Today, I can confidently report: they are still out there, uncounted and unseen. There has been almost no progress toward bringing these weapons into the open, or under an arms control treaty.  

Both the United States and Russia have made dramatic reductions since the visionary, unilateral initiatives of Presidents George H. W. Bush and Mikhail Gorbachev in the autumn of 1991, in which they pulled back voluntarily and without a treaty as the great confrontation of the Cold War ebbed. But the story didn't end there.

Today, the United States, which once had 7,300 tactical nuclear weapons in Europe, retains about 200 B-61 gravity bombs in five NATO nations. (And there are about 300 non-deployed bombs in the United States, as well as 260 cruise missile warheads which are being phased out.) Russia now has some 2,000 tactical nuclear weapons of various kinds assigned to delivery vehicles, with more awaiting dismantlement. The estimates of Russian stockpiles have been highly uncertain in the two decades since the Soviet collapse.

The fate of these weapons will be in the spotlight again at the NATO summit in Chicago May 20-21, which is expected to approve a new Deterrence and Defense Posture Review. Don't look for a dramatic shift from the status-quo; the allies want to hold onto the nuclear weapons, for now, as a political symbol of the American nuclear umbrella, and perhaps as a chip to be traded in future negotiations. And Russia, too, sees these warheads as a useful bulwark against NATO's edge in conventional or non-nuclear forces (a complete turnabout from the Cold War when it was the West that saw nuclear battlefield weapons as a way to stop a Soviet conventional invasion.)

Tactical nuclear weapons have no significant military utility in these times.

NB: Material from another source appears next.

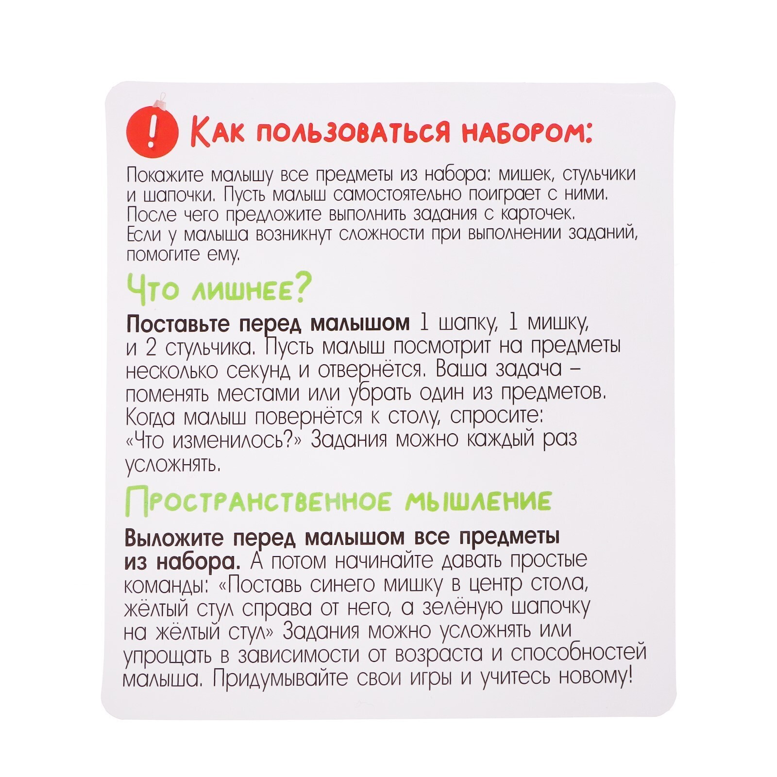 Задания можно усложнять или упрощать в зависимости от возраста и способностей малыша.

A target could be just as easily put in the crosshairs of a highly-precise strategic weapon.

If NATO policy is stuck, then at least the summit should consider a very good suggestion from Hans M. Kristensen of the Federation of American Scientists, who has just completed a comprehensive look at tactical nuclear weapons, a report [pdf] chock-a-block with data and valuable insights. Kristensen, who is co-author with Robert S. Norris of the authoritative "Nuclear Notebook" column in the Bulletin of the Atomic Scientists, suggests we create some transparency as a first step to break the tactical nuclear weapons impasse.

"Russia, the United States and NATO do not disclose how many non-strategic nuclear weapons they have or where they are deployed" he writes. "As a result, uncertainty and rumors fuel a debate full of half-truths, exaggerations and worst-case assumptions."

Kristensen points out that keeping the details of tactical nuclear weapons secret is in contrast to the approach taken with operational, long-range strategic weapons, which are accounted for in the New Start treaty data. Also, in 2010, the Obama administration disclosed the size and history of the total nuclear weapons stockpile. Why not do the same with the tactical warheads? In 2011, a group of NATO nations proposed just that: exchanging data between the United States, NATO and Russia on numbers, locations, operational status, command arrangements and warhead storage security. But so far it has not been done.

Kristensen concludes:

"The stalemate in non-strategic nuclear weapons cries out for political leadership and bold initiatives. It is important that Russia and the United States take steps to drastically increase transparency. This can be done on a unilateral basis and should include overall numbers, locations, and delivery systems. It should also include verification measures to confirm data that is provided. Increasing transparency is essential because uncertainty creates mistrust, rumors, and worst-case planning.

"Most of what is assumed about Russian non-strategic nuclear capabilities still comes from literature published during the Cold War and in the first years after the demise of the Soviet Union. Since then, the U.S. intelligence community has largely stopped publishing estimates about Russian nuclear capabilities, and Russia has not offered any insight.
To that end, it is important that possible agreements on increased transparency of non-strategic nuclear weapons not be confined to confidential exchanges of information between governments but also benefit the international community."

 

Operation Upshot-Knothole, May 25, 1953, via Wikimedia Commons

Posted By David E. Hoffman

What's the value of a nuclear warhead today? Not the monetary value, but as a deterrent?

Nuclear explosions are frightfully destructive, and that's the point: to inspire fear, to deter an adversary. Atomic bombs still appeal to some nations and terrorists, making proliferation a constant risk. Fortunately, there are fewer nuclear warheads in the world than during the Cold War; down from about 60,000 to about 22,000 today, most of which remain in the United States and Russia. But the deterrent value of the arsenals isn't what it used to be. Both the U.S. and Russia face new threats -- terrorism, proliferation, economic competition, pandemics -- for which these long-range or strategic nuclear weapons are of little value.

Read on

AFP/Getty Images/Robin Utrecht

Posted By David E. Hoffman

In remarks on Russian television today, President Dmitri Medvedev has turned up the heat in the long-simmering talks on missile defense. Medvedev voiced impatience with the United States, saying the negotiations are not making progress toward a common approach.

Why now? Medvedev has one eye on the calendar: the Russian parliamentary election is Dec. 4. The ruling United Russia party has been losing steam in the opinion polls and Vladimir Putin has already announced he intends to return to the presidency next year. Voters are yawning. Surely, Medvedev has made the calculation that a toughly-worded reprimand to the United States and NATO will play well.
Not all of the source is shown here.